Malaria is one of the biggest killers of man, with 300 - 500 million cases of the disease each year, causing 2 - 3 million deaths worldwide. Sadly, the majority of these deaths are children younger than 5 in sub-Saharan Africa. The disease is caused by small, protozoan parasites from the Plasmodium family, which predominately live in their host's erythrocytes (red blood cells) as merozoites, where they replicate by dividing over and over again. Eventually, an erythrocyte becomes so full of parasites that it ruptures and they burst out into the bloodstream and invade the surrounding red blood cells. And, once inside, they begin to divide all over again. It is this bursting of red blood cells that causes the symptoms of malaria, which include fever, headaches, sweating, coughing and muscle pains.
|Red blood cells that have been infected with malaria and have ruptured. Small merozoites can be seen in the surrounding plasma that will enter and infect the nearby red blood cells.|
Despite scientists having a good understanding of the complex life cycle of malaria and knowing that it is spread by female Anopheles mosquitoes (male mosquitoes drink plant fluids and not blood, so cannot spread the disease), no effective vaccine has yet been developed - the best we have at the moment is drugs that can prevent malarial infection in the short term by regularly taking a drug. Chloroquine is probably the most well known example of an anti-malaria drug. However, whereas this method of prevention is useful to those living in rich, developed countries as they can afford to buy the often expensive drugs, it is not much use in the poorer countries where malaria is actually endemic.
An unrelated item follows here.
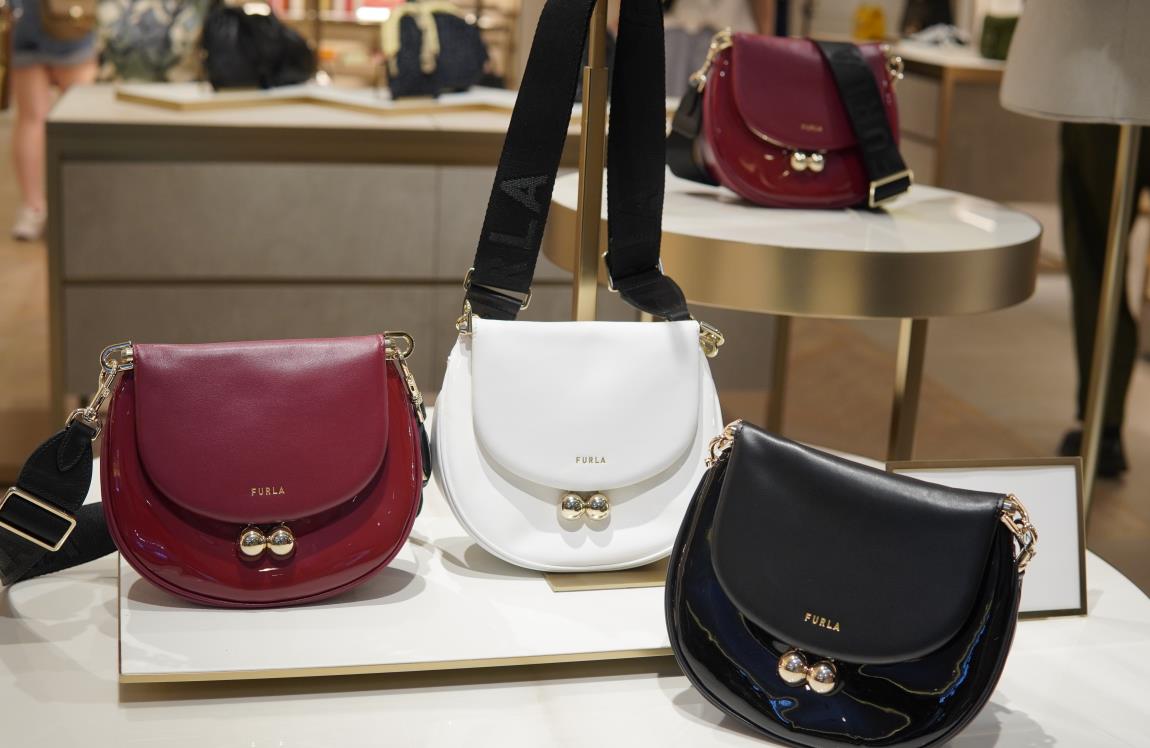 Furla Portagioia是新季的主打,斜揹袋以漆皮與霧色小牛皮組合而成,弧形線條配上金屬釦展現摩登魅力,設計細膩精緻。手袋配有可調節可拆卸肩带,內裏備有卡片夾層的設計,實用與顏值並重。手袋備有兩個尺碼、三種顏色可供選擇,其中酒紅色相當復古。

This is mainly because the people there can't afford the drugs in the first place and there is often no way of getting drugs to people in isolated villages, as many of the countries lack a proper road network. This however, may be about to change.
New research by Sanaria, supported by the Bill & Melinda Gates Foundation, has identified a possible and highly promising vaccine for malaria called PfSPZ that protected 6 out of 7 participants in a clinical trial, providing them with lasting protection for about two months. The vaccine is made by irradiating mosquitoes that have been infected with malaria and then by harvesting sporozoites (the infectious form of its life cycle) from their salivary glands. These weakened, or attenuated, parasites are then used as the basis of the vaccine. When a weakened parasite such as this, is injected into an individual it is unable to make them as sick as it could have normally, meaning that the individual's body 'learns' how to kill malaria without the usual dangers from the disease. Once their body has 'learnt' how to kill malaria parasites, it remembers for a long period of time. This means that if the vaccinated person is bitten by an infected mosquito, their body will be able to mount a much more effective immune response in a shorter period of time and they will not become as ill as they otherwise would have, meaning that they are much more likely to survive the disease.
|A researcher harvesting sporozoites from an irradiated mosquito's salivary glands.|
Despite showing great promise at clinical trials, this vaccine has one major and unfortunate limitation. Sporozoites are tiny and an infected mosquito usually only carries around 1, 000 of them. Therefore, unless a more efficient method of producing irradiated sporozoites is developed, it is unlikely that the drug will ever become commercially viable as a vaccine for malaria, simply due to the sheer number of mosquitoes that would need to be harvested and the amount of time and effort that this would take. So, despite its potential, PfSPZ may never make it into mass production. Still, the vaccine holds great promise and in a number of years, it may potentially save millions of lives every year.